Net sales decreased $1.2 million, or 0.7 percent, to $179.6 million, compared with $180.8 million for the first quarter of 2005. The decrease in sales was primarily due to the impact of foreign currency translation, unfavorable North American light vehicle production mix and product price reductions, slightly offset by an increase in production by the Company’s commercial vehicle customers. The effect of foreign currency translation reduced first-quarter net sales by approximately $4.0 million compared with the same period in 2005.
Net income for the first quarter was $3.8 million, or $0.16 per diluted share, compared with net income of $4.4 million, or $0.19 per diluted share, in the first quarter of 2005. The decrease in net income was primarily attributable to unfavorable material price variances resulting from raw material price increases, continued operating inefficiencies at some of the Company’s facilities in Mexico, and product price reductions. These factors were largely mitigated by lower restructuring expenses, an asset sale gain, and increased equity earnings from the Company’s PST joint venture.
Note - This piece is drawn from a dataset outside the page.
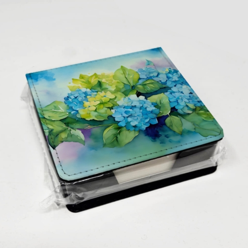 PU Leather Note Paper Holder featuring breed specific Hydrangeas artwork. Elevate your workspace with this PU Leather Note Paper Holder, crafted to resemble luxurious leather without the use of animal products. Made from durable synthetic PU leather, it offers both a premium look and eco-friendly appeal. This note holder, compactly sized at 4.25 x 4.25 x 1.25 inches, includes about 160 sheets of 3.75 x 3.75-inch note paper—ideal for quick notes and reminders. An exclusive artist-designed cover makes each holder uniquely vibrant, adding a splash of color and personality to any desk or office. The discrete design keeps note paper hidden, maintaining a neat and organized workspace. Perfect as a gift or for personal use, this stylish holder is refillable with standard paper, ensuring long-lasting utility. A must-have for anyone seeking a sophisticated, artful touch to their workspace while supporting animal-friendly products. Add style, organization, and creativity to your everyday routine with this elegant note paper holder.

“Our first-quarter results represent progress toward our goal of operational excellence. First-quarter earnings showed sequential improvement from our results for the second half of 2005,” said John C. Corey, president and chief executive officer. “We are not satisfied with our current performance levels and will continue to work diligently to build upon our first-quarter progress. Our focus for 2006 is to continue the pursuit of bringing Stoneridge back to operational and financial excellence.”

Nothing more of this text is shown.